> **Source material**
++++++++
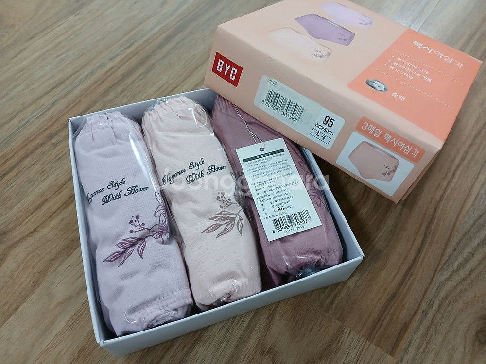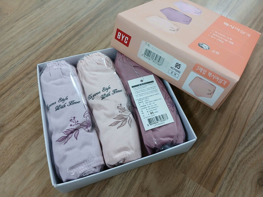 BYC 여성 맥시 팬티 3매 팝니다. 면 100%, 사이즈 95, 모두 12,000원입니다. 서울시 상계9동 청원고등학교 후문 또는 지하철 7호선 마들역에서 직거래 가능합니다. GS 반값택배 1,900원 가능합니다. 에눌, 네고 사양합니다.
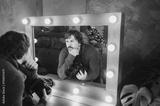 An adult mustachioed man, a professional photographer with a camera in his hands, stands in front of a mirror with lamps admiring himself. Photography, portrait, lifestyle.
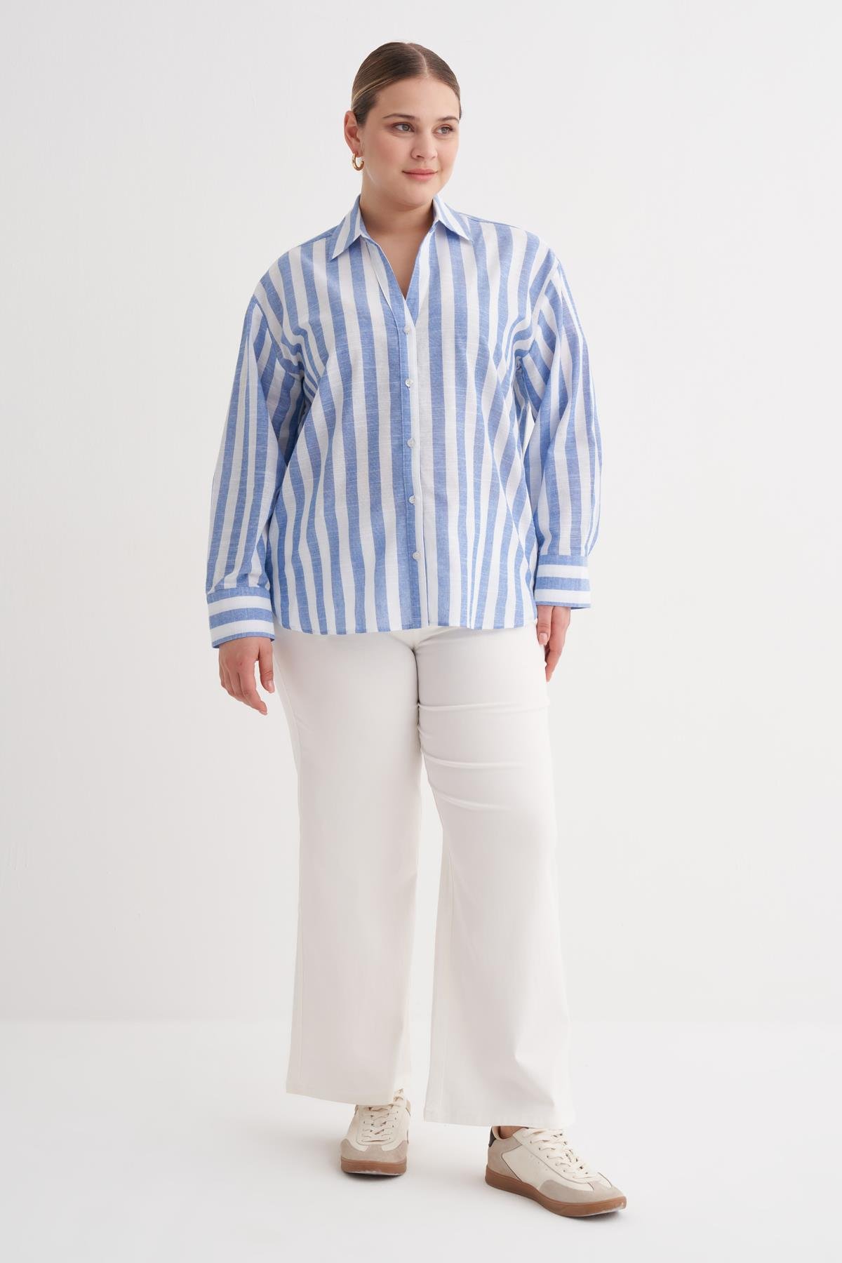 Myline-V Yaka Çizgili Gömlek-Büyük Beden Gömlek-149964
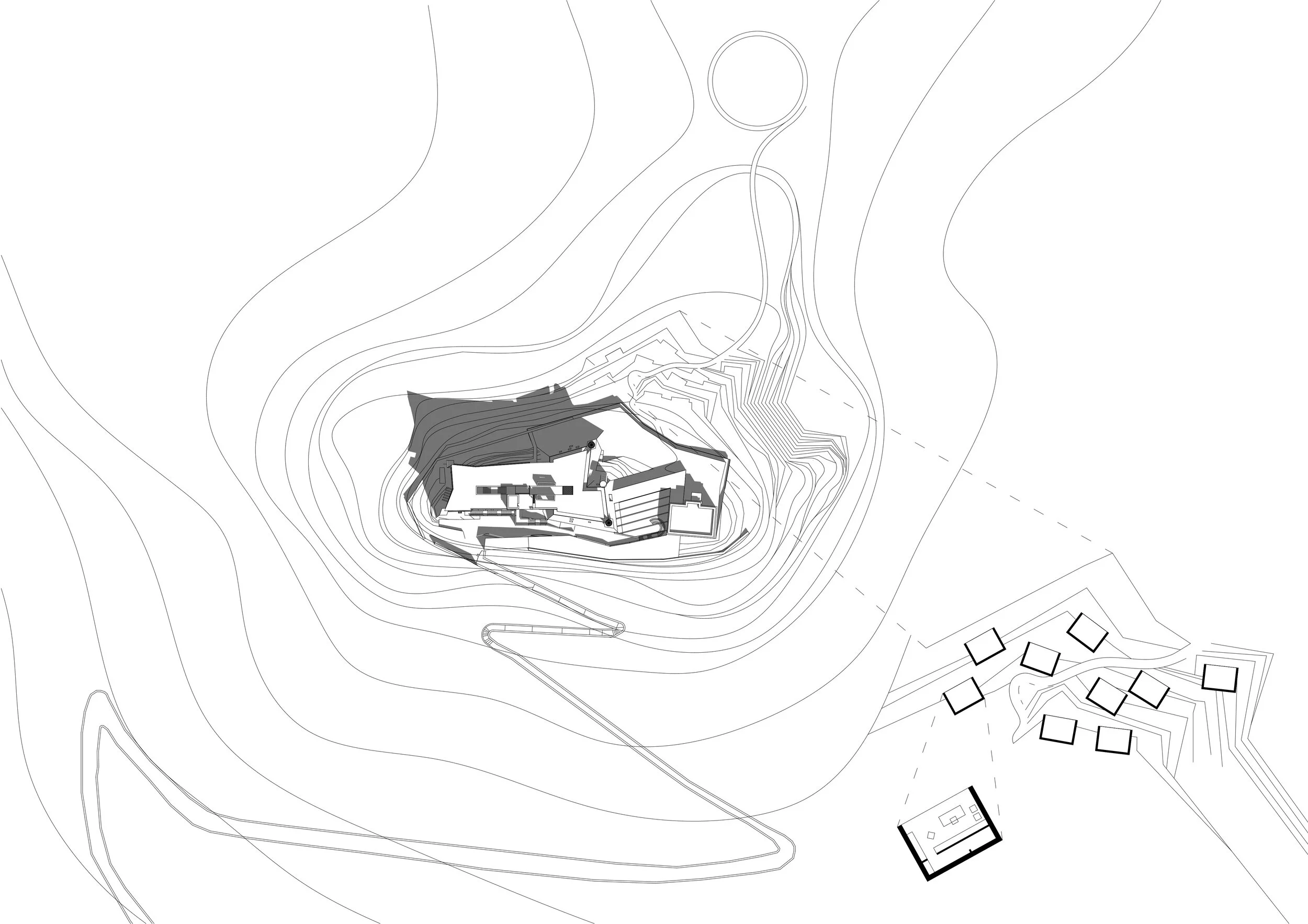 The journey is linear and led by the path that starts from the bottom of the hill, and on the top penetrates into the building and continues.
++++++++
> **About this exercise**
Word for word, restate only the lines from the one bearing "An adult mustachioed" through the final line of the listing, inclusive, with no pictures.

> **Problem solution**
 An adult mustachioed man, a professional photographer with a camera in his hands, stands in front of a mirror with lamps admiring himself. Photography, portrait, lifestyle.
 Myline-V Yaka Çizgili Gömlek-Büyük Beden Gömlek-149964
 The journey is linear and led by the path that starts from the bottom of the hill, and on the top penetrates into the building and continues.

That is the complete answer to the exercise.